A sex change-of-heart

I’m back to being who God wanted me to be. I’ve been reading my Bible every day, and all I could hear was God saying, ‘Well, you really need to go back to who I made you.’ I was a phony. I was a fraud. I always thought I needed to be important. I thought, ‘I’m going to be somebody, someday. I want to be famous, you know.’ Now, I do want to be famous; I want to be famous for God. Please, listen to this because without the Lord you have nothing. He’s the vine and we’re the branches. Without Him we can do nothing. I was too embarrassed. But, you have to stop. You have to stop and get help. This is the worst thing I think that anybody could do, is get involved in the sex industry or business. It destroyed me, but praise God I’m set free now.

Those words do not belong to me, but to the man in this video:

The comment introducing the video reads: “Transgender realizes he made a mistake. Here is his message to the world.” The video is 2:59 in length. I encourage you to watch it, but my comments will make sense if you do not. I present seven quotes from the video, which I pledge to keep in the context of his speech.

“I’m back to being who God wanted me to be.”
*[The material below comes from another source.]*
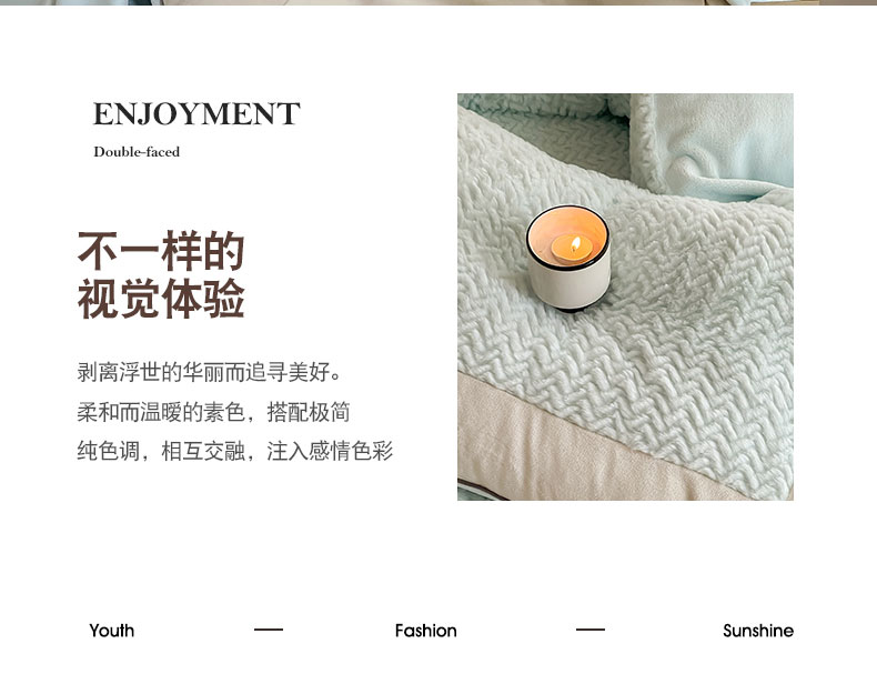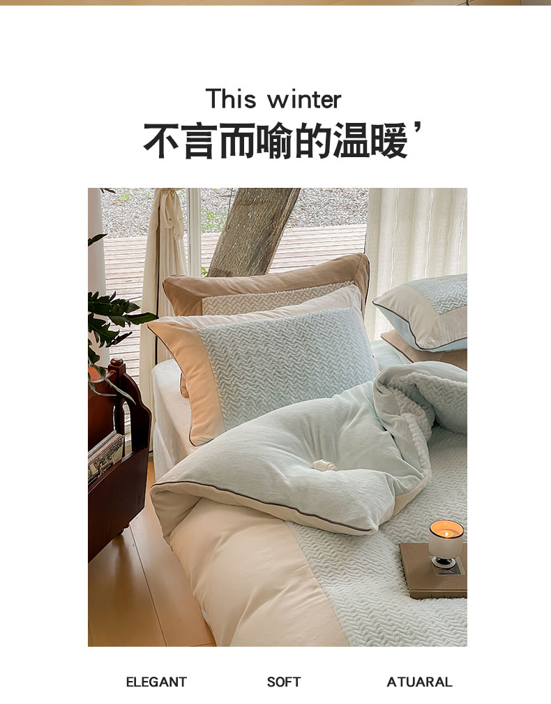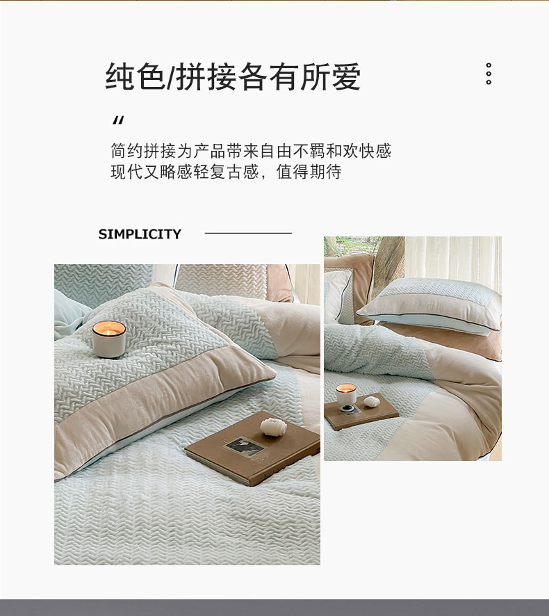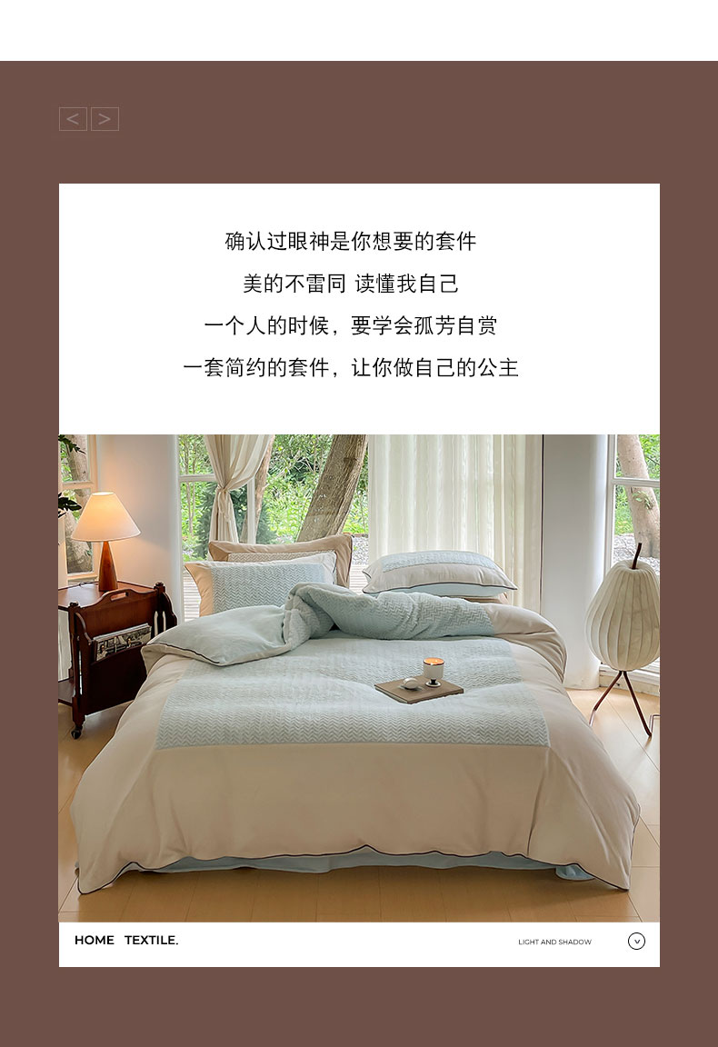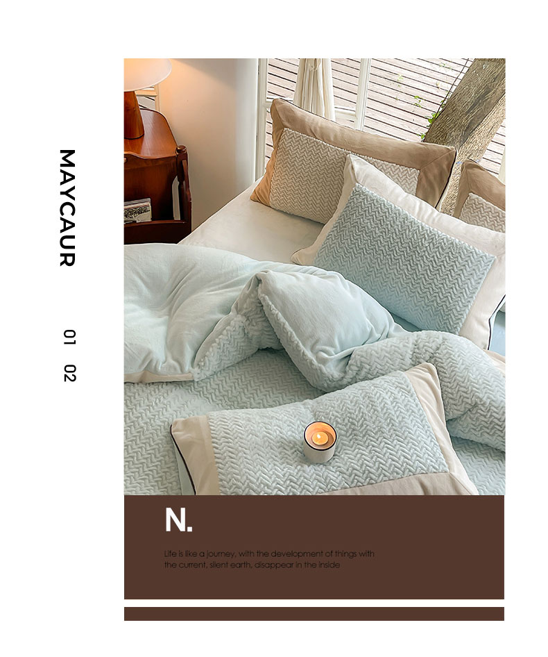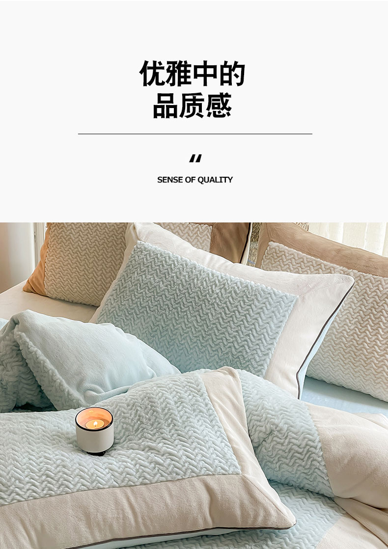 商品名称:FOR TWO家纺 2023新款兔毛拼接嵌线系列四件套 焦糖-浅蓝

I truly hope he is correct, that the Lord wanted him to de-transition. I hope he is not merely putting up a good front while continuing to struggle.

I was told by many whom God wanted me to be. I regularly asked them to tell me how I am supposed to know whom God wanted me to be. If He so badly wanted me to live as a male, why was He silent to my pleas? He promises to answer our prayers when we pray according to His will, yet my cries for help, for mercy, for the strength to remain male, to stop hating myself, went unanswered. If it were His will, then why didn’t He help me so it would happen?

In that silence, I never prayed, “Well, it looks like you want me to transition. Thank you!” Rather, every step of the way, I have continually begged Him, “What do you want from me? I am your servant; please use me according to your good and gracious will.” And here I am, one step from being fully transitioned.

I did not decide to be this way. I did not choose to be transgender. I have a real, physical intersex condition. I was not created male. I was not created female. I was created a vexing combination of both. As with any person dealing with a chronic situation, I would gladly dispose of it. Since I cannot, I am doing my best with it.

“I’ve been reading my Bible every day, and all could hear was God saying, ‘Well, you really need to go back to who I made you.”

I also read my Bible every day. It is the first thing I do every morning—well, after I get the coffee going. Reading God’s Word and tying it with my ongoing, fervent prayers, I constantly ask Him to show me His good and gracious will and then help me to follow it. I often pray Psalm 25:5: “Guide me in your truth and teach me, for you are God my Savior and my hope is in you all day long.”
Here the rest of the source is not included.